DATASET SECTION: Begin

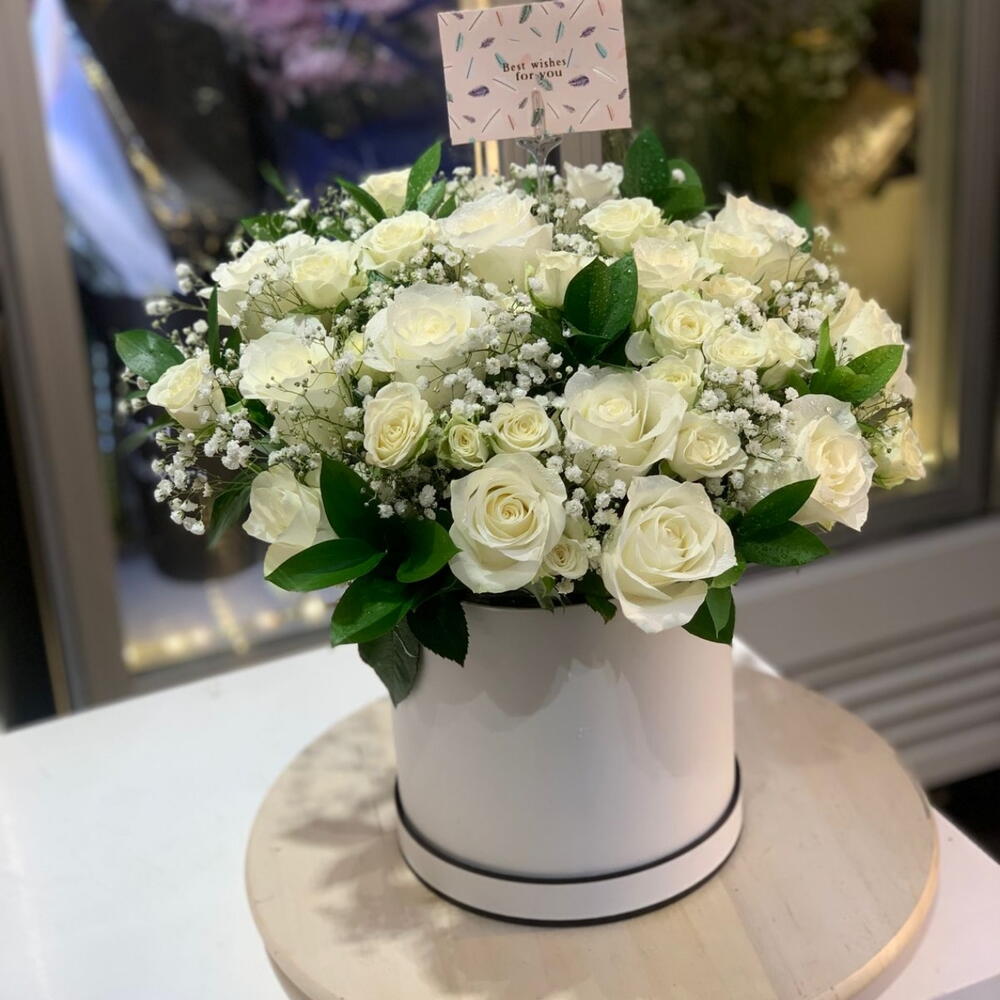 Gracioso y atemporal, este elegante arreglo de rosas blanco cremoso se combina con delicadas flores de gisálida y exuberante vegetación para crear una presentación serena y sofisticada. Su paleta suave y neutra transmite pureza, recuerdo y sinceridad, ideal tanto para momentos de alegría como de reflexión. Para mantener el arreglo fresco, añada agua a la espuma floral dentro de la caja cada 1 o 2 días y guárdelo en un lugar fresco y a la sombra. Con el cuidado adecuado, estas flores conservarán su encanto y elegancia durante 5 a 7 días. Ideal para momentos especiales como cumpleaños, aniversarios o cualquier ocasión especial, este ramo de flores trasciende lo común y se convierte en una manifestación tangible de amor. Envíelo como regalo de cumpleaños, para expresar deseos de aniversario, para desear una pronta recuperación o simplemente para desearle un momento especial a un ser querido. Este lujoso arreglo es un gesto que dice mucho, perfecto para expresar amor y aprecio eternos. Ya sea un regalo romántico, una sorpresa de aniversario o una inolvidable declaración de afecto, este ramo hace que cada momento sea extraordinario. Aniversario, Cumpleaños, Lo siento, Bebé nuevo, Se adapta a cualquier ocasión, Gracias, Boda
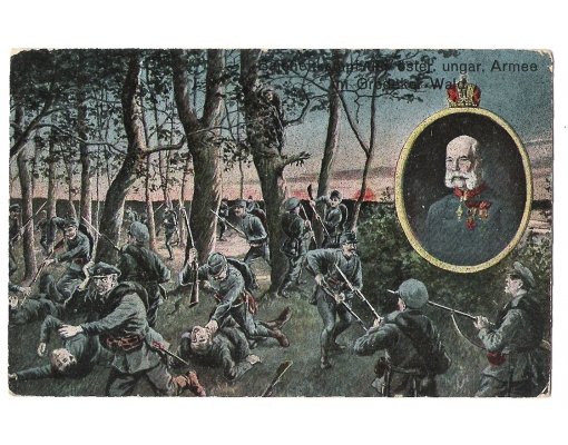 Soldier attack at Grodek , Franz Joseph in oval frame
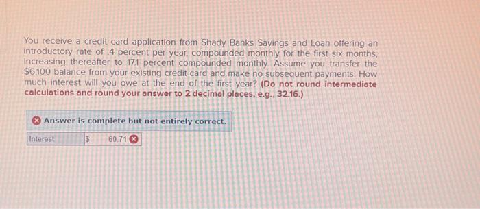 You receive a credit card application from Shady Banks Savings and Loan
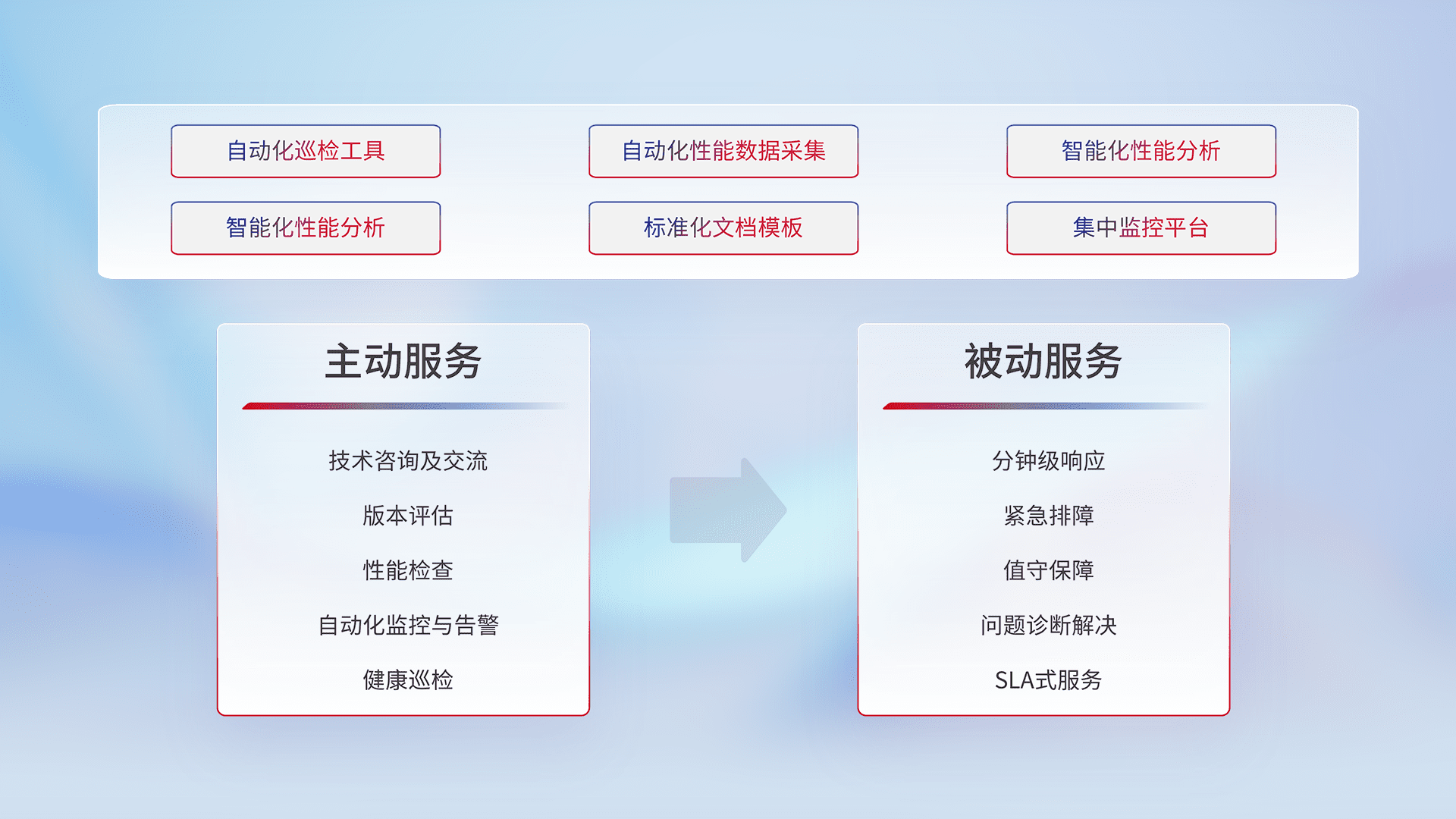 智能化工具和标准化文档,,,,保障服务质量,,,提供主动服务(包含技术咨询、、、版本评估、、、性能检查、、、、自动化监控与告警、、健康巡检)和被动服务包含(分钟级响应、、紧急排障、、、、值守保障、、问题诊断解决、、、SLA服务)。。。

DATASET SECTION: End

◆ WHAT THIS TASK INVOLVES: Your answer should be the lines above from the one that contains "You receive a" through the last, set down exactly, with the pictures removed.

◆ EXERCISE SOLUTION:
 You receive a credit card application from Shady Banks Savings and Loan
 智能化工具和标准化文档,,,,保障服务质量,,,提供主动服务(包含技术咨询、、、版本评估、、、性能检查、、、、自动化监控与告警、、健康巡检)和被动服务包含(分钟级响应、、紧急排障、、、、值守保障、、问题诊断解决、、、SLA服务)。。。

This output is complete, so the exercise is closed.